**Data:**
——————

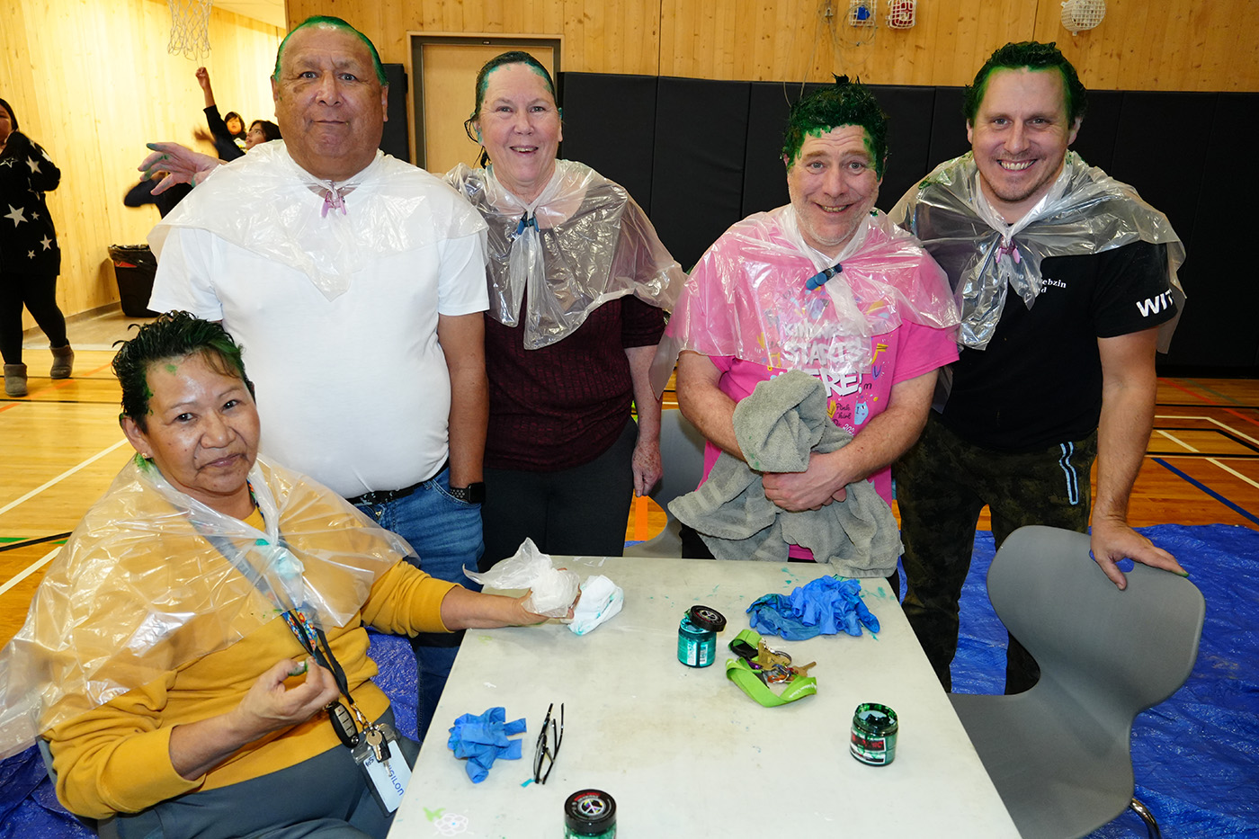 At precisely noon on November 28, the fundraising challenge closed, and Mr. Maracle, along with several Grade 8 students, went outside to grind the locks off and reveal the contents of the cashboxes. Students all gathered back inside their classroom to begin the process of counting the coins and bills, overseen by several staff members to ensure accuracy. After several counts, the amount fundraised totalled $4,682.25! The students were ecstatic! The hair dying was set to take place that afternoon at 2:00pm in the gym. Once tables and chairs [with garbage bags securely in place below to catch any bright green dye] were set up for the Fab 5 Educators, the fun and excitement continued. The Grade 8’s assembled around the dye station to watch the transformation take place. Gloves were donned by the dye applicators, and spectators stood with cell phones ready for Instagram worthy pics. Allowing the proper amount of time to pass to ensure the dye set to its full colour potential, staff, students, and visitors watched as each educator was treated to a new hair style, laughing and cheering the group in support of their bravery. The smiles were big and the generosity of everyone who volunteered their hair and their funds was even bigger. Chi miigwech to the educators who volunteered, and to the community for their donations to making the Green Hair Dye Challenge a reality, as well as the upcoming Graduation adventure.
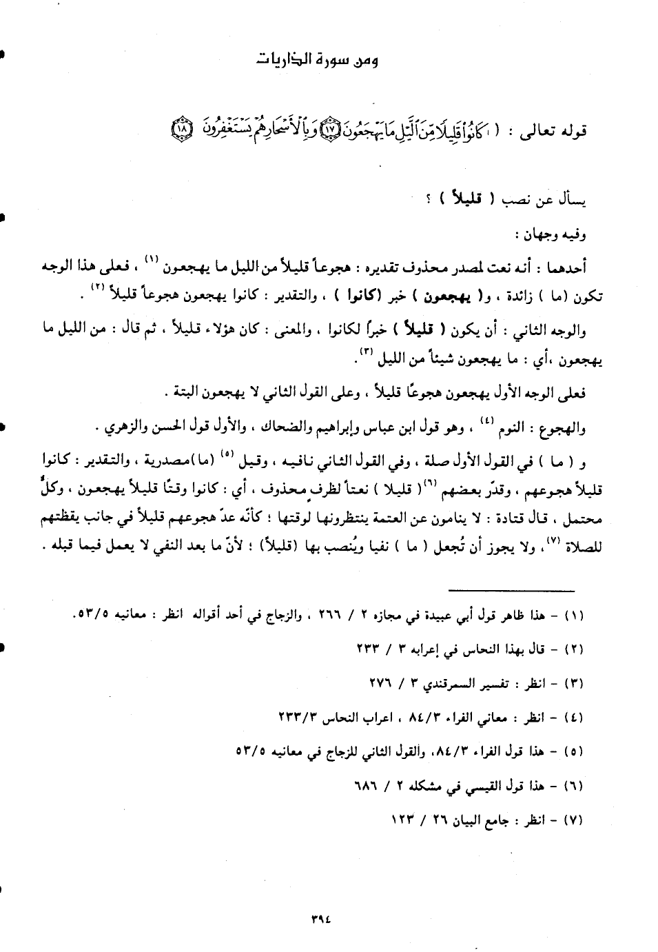 و (ما) في القول الأول صلة. وفي القول الثاني نافية، وقيل (ما) مصدرية، والتقدير: كانوا قليلًا هجوعهم، وقدَّر بعضهم (قليلا) نعتًا لظرفٍ محذوف، أي: كانوا وقتًا قليلًا يهجعون، وكلُّ محتمل. قال قتادة: لا ينامون عن العتمة ينتظرونها لوقتها؛ كأنّه عدَّ هجوعهم قليلًا في جانب يقظتهم للصلاة، ولا يجوز أن تُجعل (ما) نفيا وينصب بها (قليلاً)؛ لأنَّ ما بعد النفي لا يعمل فيما قبله.
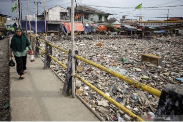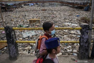 Warga berjalan di samping sampah yang menumpuk di Kali Dadap yang dipenuhi sampah di Kosambi, Kabupaten Tangerang, Banten, Jumat (12/11/2021). Kali tersebut dipenuhi oleh sampah sehingga menimbulkan bau tak sedap dan berpotensi menyimbulkan penyakit bagi warga sekitarnya. ANTARA FOTO/Fauzan/hp.
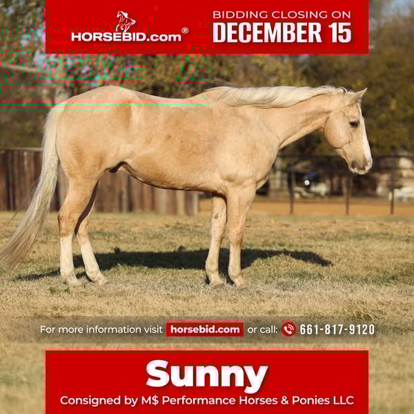 🎄𝐓𝐇𝐄 𝑯𝒐𝒍𝒊𝒅𝒂𝒚 𝐂𝐋𝐀𝐒𝐒𝐈𝐂🎄 Happening now thru MONDAY | DECEMBER 15th - Available EXCLUSIVELY on HorseBid's website! For more details and to register visit: www.Horsebid.com CONSIGNOR CONTACT: M$ Performance Horses & Ponies LLC 661-817-9120 LOCATION: Stephenville,TX BREED: Quarter Horse REGISTERED: Yes REGISTERED NAME: Two Smart Colossus COLOR: Palomino HEIGHT: 15.1 AGE: 9 GENDER: Gelding Two Smart Colossus “Sunny” — 2016 AQHA Palomino Gelding Standing 15.1 hands of pure class, Sunny is the kind you don’t just see — you remember. He’s a big, stout, old-school built gelding with a golden coat that shines like fresh desert sunrise. Grandson of Smart Little Lena, this is a horse bred with talent, brains, and presence. Sunny has been there and done that. A true seasoned ranch partner, he’s handled every outside job: gathering, sorting, long days checking cattle, dragging, doctoring — no surprises, no drama. He’s the horse you saddle when the work needs done right. He rides one-handed, soft, and correct. Smooth as silk at the walk, jog, or lope — he’ll tuck his head, stay collected, and lope slow circles all day long. Old soul, big heart, more whoa than go. He’s the gentleman that waits on you, not the horse you have to babysit. Sunny is traffic safe, flag-proof, balloon-proof, obstacle-tested and unfazed by chaos. Ride him alone down a country road or through the middle of town — the world can be loud and he stays quiet. He’s the horse everyone points at and whispers, “I want one like that.” He’s a beautiful mover, naturally balanced with a smooth stop and a classy turnaround. In the show pen he’s impressive. On the ranch he’s reliable. On the trails he’s a joy — bridges, water, logs, rough country — he simply walks through and gets it done. If you want a horse that brings big-time looks, honest broke ability, and family-friendly temperament, here he is. Sunny makes every ride feel like a good decision We are open to anyone interested in him to schedule a time to come see him or if you can’t make it schedule a FaceTime showing to see him. If you need help with transport don’t hesitate to ask we have a list of reputable haulers that can get him safely to your doorstep WORLD WIDE including, Alaska , Mexico, Hawaii, Canada and anywhere in between.

——————

Could you reproduce all of the material exactly? Keep the pictures out of it.

**Response to this task:**
 At precisely noon on November 28, the fundraising challenge closed, and Mr. Maracle, along with several Grade 8 students, went outside to grind the locks off and reveal the contents of the cashboxes. Students all gathered back inside their classroom to begin the process of counting the coins and bills, overseen by several staff members to ensure accuracy. After several counts, the amount fundraised totalled $4,682.25! The students were ecstatic! The hair dying was set to take place that afternoon at 2:00pm in the gym. Once tables and chairs [with garbage bags securely in place below to catch any bright green dye] were set up for the Fab 5 Educators, the fun and excitement continued. The Grade 8’s assembled around the dye station to watch the transformation take place. Gloves were donned by the dye applicators, and spectators stood with cell phones ready for Instagram worthy pics. Allowing the proper amount of time to pass to ensure the dye set to its full colour potential, staff, students, and visitors watched as each educator was treated to a new hair style, laughing and cheering the group in support of their bravery. The smiles were big and the generosity of everyone who volunteered their hair and their funds was even bigger. Chi miigwech to the educators who volunteered, and to the community for their donations to making the Green Hair Dye Challenge a reality, as well as the upcoming Graduation adventure.
 و (ما) في القول الأول صلة. وفي القول الثاني نافية، وقيل (ما) مصدرية، والتقدير: كانوا قليلًا هجوعهم، وقدَّر بعضهم (قليلا) نعتًا لظرفٍ محذوف، أي: كانوا وقتًا قليلًا يهجعون، وكلُّ محتمل. قال قتادة: لا ينامون عن العتمة ينتظرونها لوقتها؛ كأنّه عدَّ هجوعهم قليلًا في جانب يقظتهم للصلاة، ولا يجوز أن تُجعل (ما) نفيا وينصب بها (قليلاً)؛ لأنَّ ما بعد النفي لا يعمل فيما قبله.
 Warga berjalan di samping sampah yang menumpuk di Kali Dadap yang dipenuhi sampah di Kosambi, Kabupaten Tangerang, Banten, Jumat (12/11/2021). Kali tersebut dipenuhi oleh sampah sehingga menimbulkan bau tak sedap dan berpotensi menyimbulkan penyakit bagi warga sekitarnya. ANTARA FOTO/Fauzan/hp.
 🎄𝐓𝐇𝐄 𝑯𝒐𝒍𝒊𝒅𝒂𝒚 𝐂𝐋𝐀𝐒𝐒𝐈𝐂🎄 Happening now thru MONDAY | DECEMBER 15th - Available EXCLUSIVELY on HorseBid's website! For more details and to register visit: www.Horsebid.com CONSIGNOR CONTACT: M$ Performance Horses & Ponies LLC 661-817-9120 LOCATION: Stephenville,TX BREED: Quarter Horse REGISTERED: Yes REGISTERED NAME: Two Smart Colossus COLOR: Palomino HEIGHT: 15.1 AGE: 9 GENDER: Gelding Two Smart Colossus “Sunny” — 2016 AQHA Palomino Gelding Standing 15.1 hands of pure class, Sunny is the kind you don’t just see — you remember. He’s a big, stout, old-school built gelding with a golden coat that shines like fresh desert sunrise. Grandson of Smart Little Lena, this is a horse bred with talent, brains, and presence. Sunny has been there and done that. A true seasoned ranch partner, he’s handled every outside job: gathering, sorting, long days checking cattle, dragging, doctoring — no surprises, no drama. He’s the horse you saddle when the work needs done right. He rides one-handed, soft, and correct. Smooth as silk at the walk, jog, or lope — he’ll tuck his head, stay collected, and lope slow circles all day long. Old soul, big heart, more whoa than go. He’s the gentleman that waits on you, not the horse you have to babysit. Sunny is traffic safe, flag-proof, balloon-proof, obstacle-tested and unfazed by chaos. Ride him alone down a country road or through the middle of town — the world can be loud and he stays quiet. He’s the horse everyone points at and whispers, “I want one like that.” He’s a beautiful mover, naturally balanced with a smooth stop and a classy turnaround. In the show pen he’s impressive. On the ranch he’s reliable. On the trails he’s a joy — bridges, water, logs, rough country — he simply walks through and gets it done. If you want a horse that brings big-time looks, honest broke ability, and family-friendly temperament, here he is. Sunny makes every ride feel like a good decision We are open to anyone interested in him to schedule a time to come see him or if you can’t make it schedule a FaceTime showing to see him. If you need help with transport don’t hesitate to ask we have a list of reputable haulers that can get him safely to your doorstep WORLD WIDE including, Alaska , Mexico, Hawaii, Canada and anywhere in between.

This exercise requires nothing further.